Gusmao will deliver a major speech later Monday to an audience expected to top 10,000, including the vast majority of the estimated 8,000 East Timorese exiles living here.
He is also being given a reception at the Victorian state parliament and a welcome at the town hall.
---- East Timor leader promises western-style democracy
MELBOURNE, Australia, Oct 11 (AFP) - Independent East Timor will be a western-style democracy with open institutions and a diversified economy driven by exports of coffee, oil, gas and tourism, the man likely to be its first leader has promised.
It will be dependent on international trade -- not aid -- and will provide incentives to encourage the growth of its private sector while offering selective intervention to ensure efficiency and equity.
It will not harbour grudges for past injustices and will do its utmost to foster warm relations with Indonesia, resistance leader Xanana Gusmao told a fund-raising dinner here late Monday.
A renegotiation of the Timor Gap treaty by which Australia and Indonesia share oil and gas production off the coast of Timor was implied but not stated in a speech in which Gusmao outlined his blueprint for a dream fulfilled -- the free Republic of Timor Loro Sa'e, as he called it.
Some business and trade union guests at the 160 dollar (105 US) a plate dinner said they were surprised by the grasp of up-to-date economics -- complete with catchphrases -- demonstrated by the diminutive figure speaking in halting, heavily accented English.
After all, he had just emerged from six years in prison or detention after 16 years fighting Indonesian soldiers in the jungles and mountains of East Timor. But he has also been a poet, artist, army corporal and civil servant in the Portuguese colonial administration.
With the help of the international community, Gusmao vowed, "a free and independent East Timor will soon be born from the ashes of our devastated and destroyed homeland."
But although it desperately needed aid and assistance in the short term, it would "not allow the shaping of a culture of dependency on international aid and assistance," he said.
"East Timor will engage in international trade through exports of coffee, oil and gas, and tourism as well as importing goods and services from overseas.
"Nevertheless, we will place emphasis on developing the agricultural sector together with small and medium industries as the engine of economic growth."
With the aim of attracting foreign investment, East Timor would also develop technical, economic, scientific and cultural cooperation on bilateral and multilateral levels and with different countries and international institutions.
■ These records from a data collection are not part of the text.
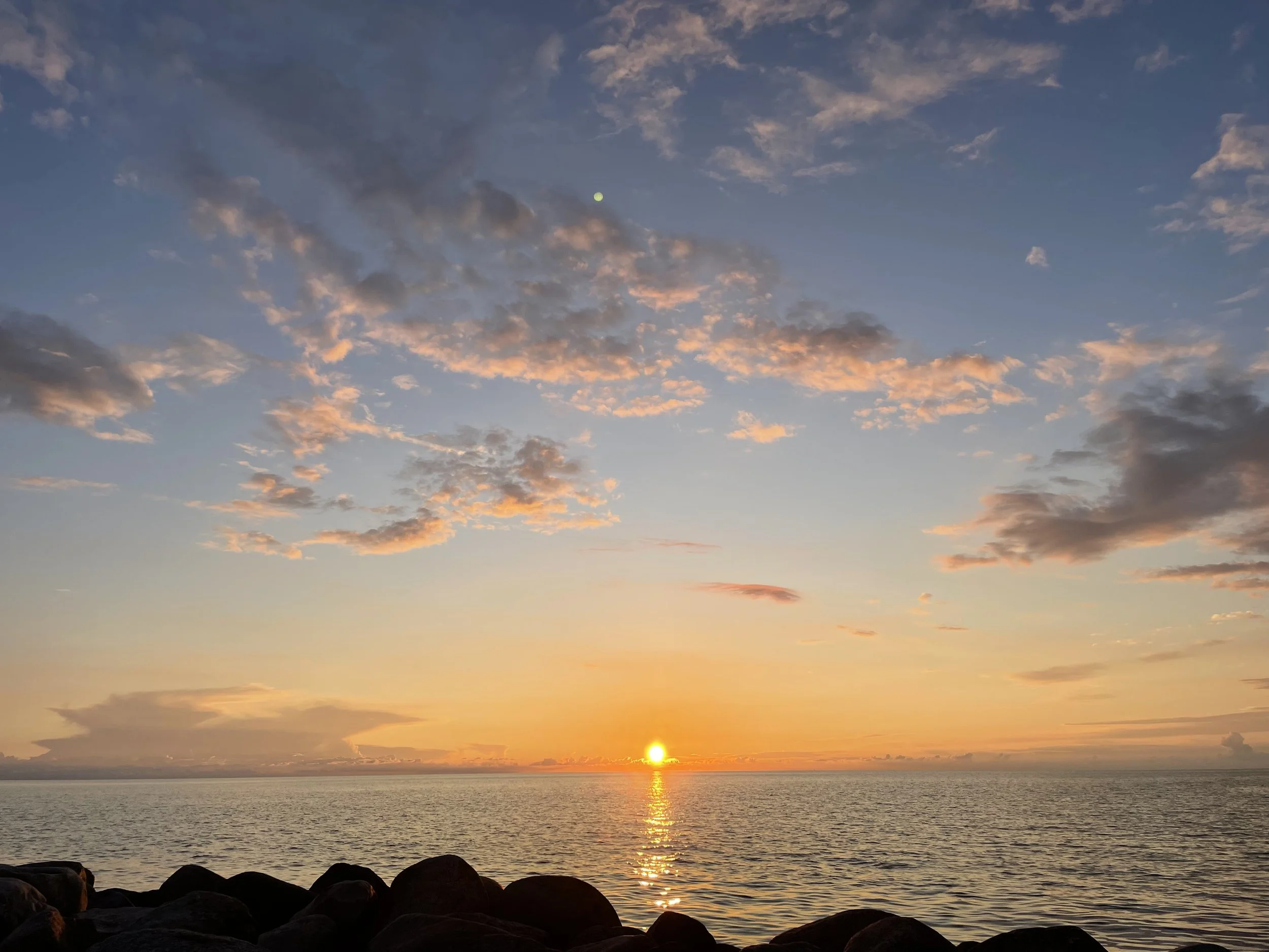 Sunset over the ocean with a rocky shoreline in the foreground, scattered clouds in the sky, and the moon visible above.
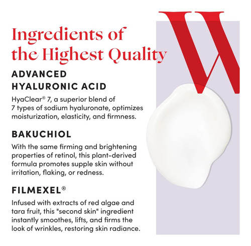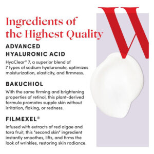 Contém ingredientes antienvelhecimento poderosos, como HyaClear 7 e Bakuchiol, que melhoram a firmeza e o brilho sem irritar a pele.
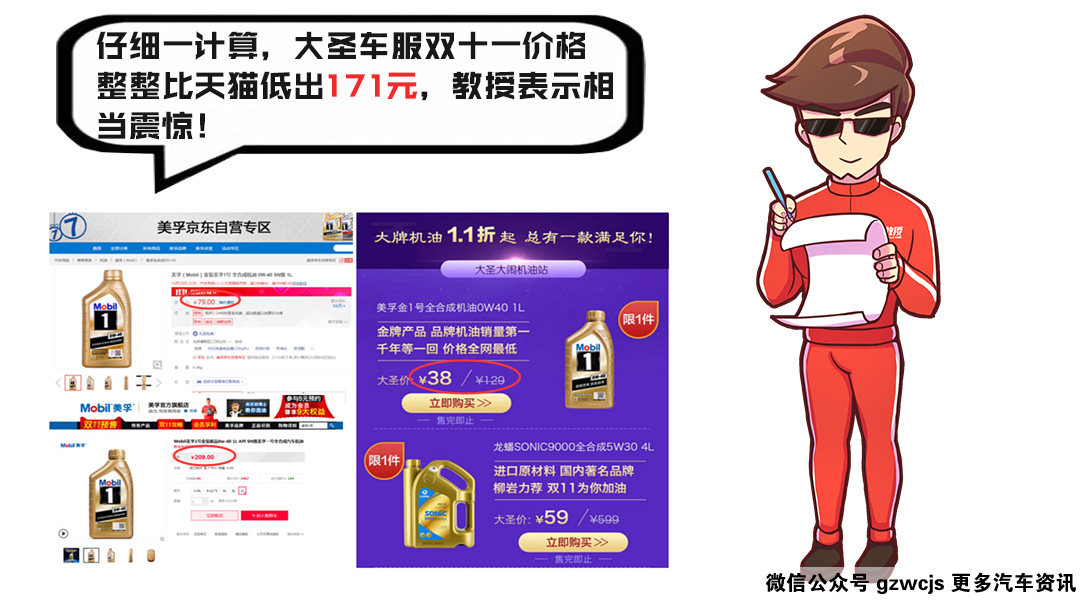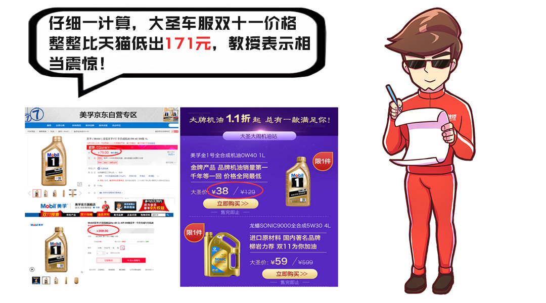 不少车主们都等着双十一给爱车囤货,但很多时候“不比不知道,一比吓一跳”。同样的牌子、同样的容量,价格却可以差很多。如:1L装美孚金1号全合成机油在天猫旗舰店售价高达209元,在京东自营店售价79元,在大圣车服商城售价低至38元。
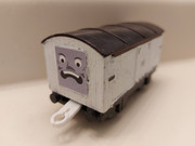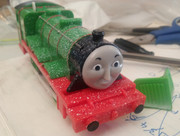 I purchased a busy bee James for I want his facial expression but I don't want the red nose. Initially I was planning to use a gray sharpie to colour the red nose. However the sharpie will not be able to.match the original face colour. I did consider paint the whole James face with sharpie. However the shade of Grey will look awkward 😬 compare to other Thomas characters. I know the rednoaint was after the face was painted and molded. So I use a piece of sandpaper and gently scrape the red paint off the noise. The key to make it look good is gentle and patient. Too fact and impatient will result in grinding the nose off James completely.
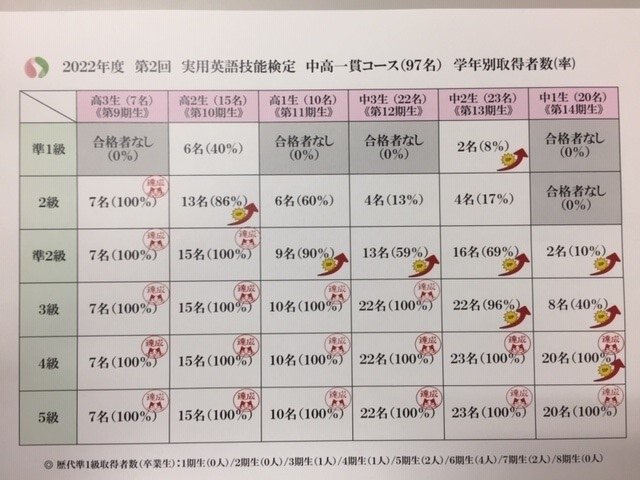 本日は本校中学生の英検取得状況を紹介しようと思います。
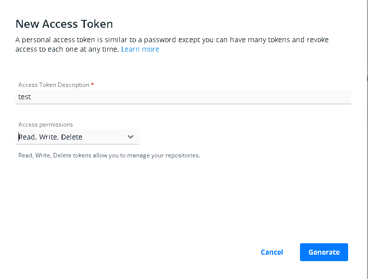 description의 이름을 지정하고 권한을 설정하면된다. 테스트이기 때문에 모든 권한을 부여한 후 Generate를 클릭해 실행하자.
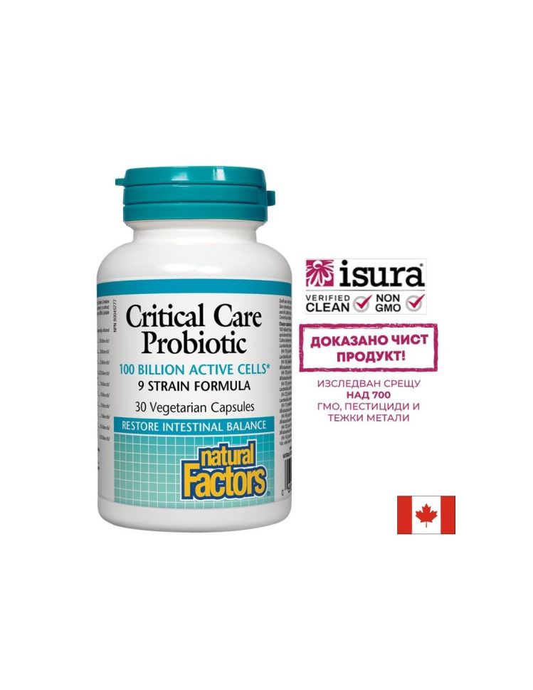 Пробиотикът Critical Care Probiotic на Natural Factors включва 9 щама бифидобактерии и 4 щама лактобацили, които осигуряват мощна защита на стомашно-чревната и имунната система.Тази формула бързо възстановява разнообразната микрофлора след употребата на антибиотик. Всеки щам бактерии в тази формула е устойчив на стомашната киселина, което позволява на пробиотиците да достигнат до червата в пълния си потенциал. Във всяка капсула има гарантирано количество от 55 милиарда активни клетки.
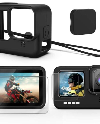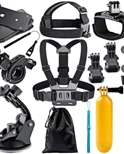 - Kit Includes: 1 x Wrist band, 1 x Head Strap Mount, 1 x Pouch, 1 x Bicycle(Bike) Mount, 1 x Chest Strap Mount, 1 x Extendable Handle Monopod, 1 x 360 degree rotation backpack clip, 2 x J-hook Buckle, 1 x Tripod Adapter, 1 x Car Suction Cup Mount Holder, 1 x Tool, 1 x Floating Handle Grip, 1 x Mini Tripod & 12 x Antifog Inserts With Silica.
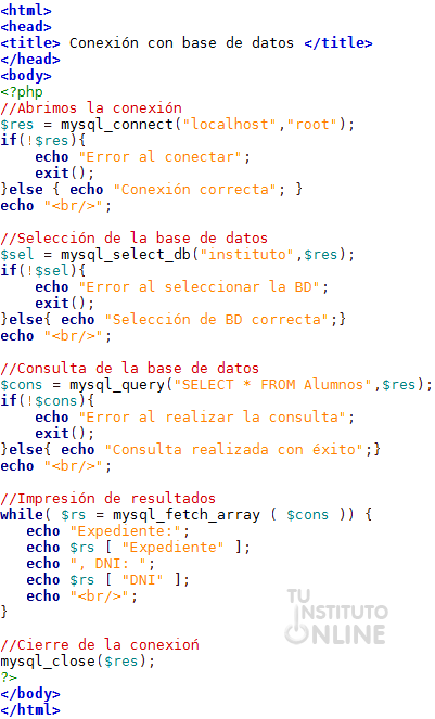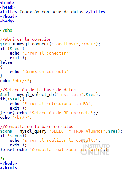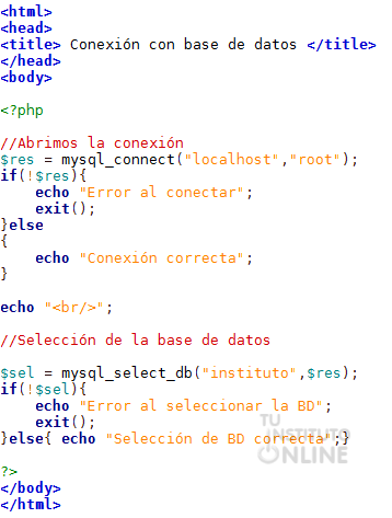 Los parámetros son: el nombre de la base de datos y el identificador devuelto por la función mysql_connect. Además devolverá TRUE en caso de éxito y FALSE en caso de error. Un ejemplo sería:
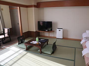 このホテル(大江戸温泉物語天草ホテル亀屋)は、楽天トラベルで予約した【訳あり部屋】。¥20,400。『浴室側蛇口より赤さびが出る恐れがあるため、バスルームのご利用はご遠慮ください。空調は旧式の吊り下げ式のためモーター音に敏感な方は選択をご遠慮ください』と書かれているノークレーム・ノーリターン(?)のような部屋(^^;。実際、大浴場に行ったので部屋の浴室は使いませんでしたし(赤水は出なかったが、湯量・湯温が少ない!?)空調も特に気になりませんでした。今どき部屋にWi-Fiが来ていなかったのはちょっと痛かったですが…(ポケットWi-Fiを持って来ている)。それに、大江戸温泉物語は、到着が17時を過ぎるようなら電話してね、とあるのですが(今回はギリギリ間に合った)、大江戸温泉物語共通で予約とかを受ける050番号で、ホテルに直接つながらないのもイマイチでした。
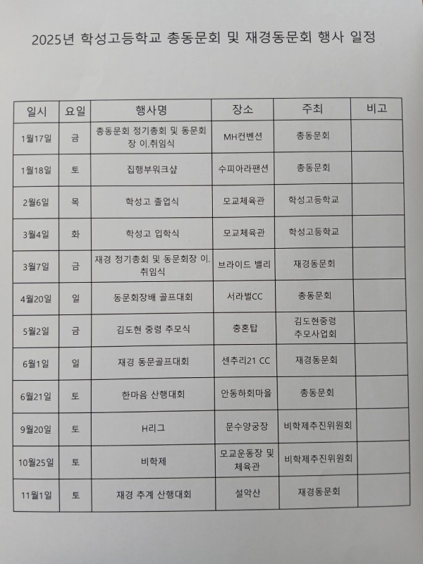 2025년 학성고총동문회 연간 계획 안내

Gusmao, president of East Timor's CNRT (National Council of Timorese Resistance), said his people who had returned to the homes from which they were driven by pro-Indonesian militia last month after an August ballot demanding independence, would require the tools and resources to rebuild the framework of a civil society.
"They will need to re-establish government and non-government organisations and institutions to take charge of physical, social and psychological repair, reconstruction, reconciliation and re-integration."
The CNRT, he said, would build an effective administration with a minimum number of people but it would deliver the basic services the country needs.
It would give priority to building democratic institutions and an open and accountable economy.
"The democratic system that we are envisioning is the one that allows a genuine representation where all democratic elements, such as the press and non-government organisations, also have a substantial voice in the decision-making process," he said.
He promised it would also be diligent "in promoting total transparency within the apparatuses and organisations of power and, in the management and accountability of funds provided by international aid to civic and social organisations."
This would ensure that "from the first moment we can firmly combat corruption and all temptation to debase the objectives of sustainable development."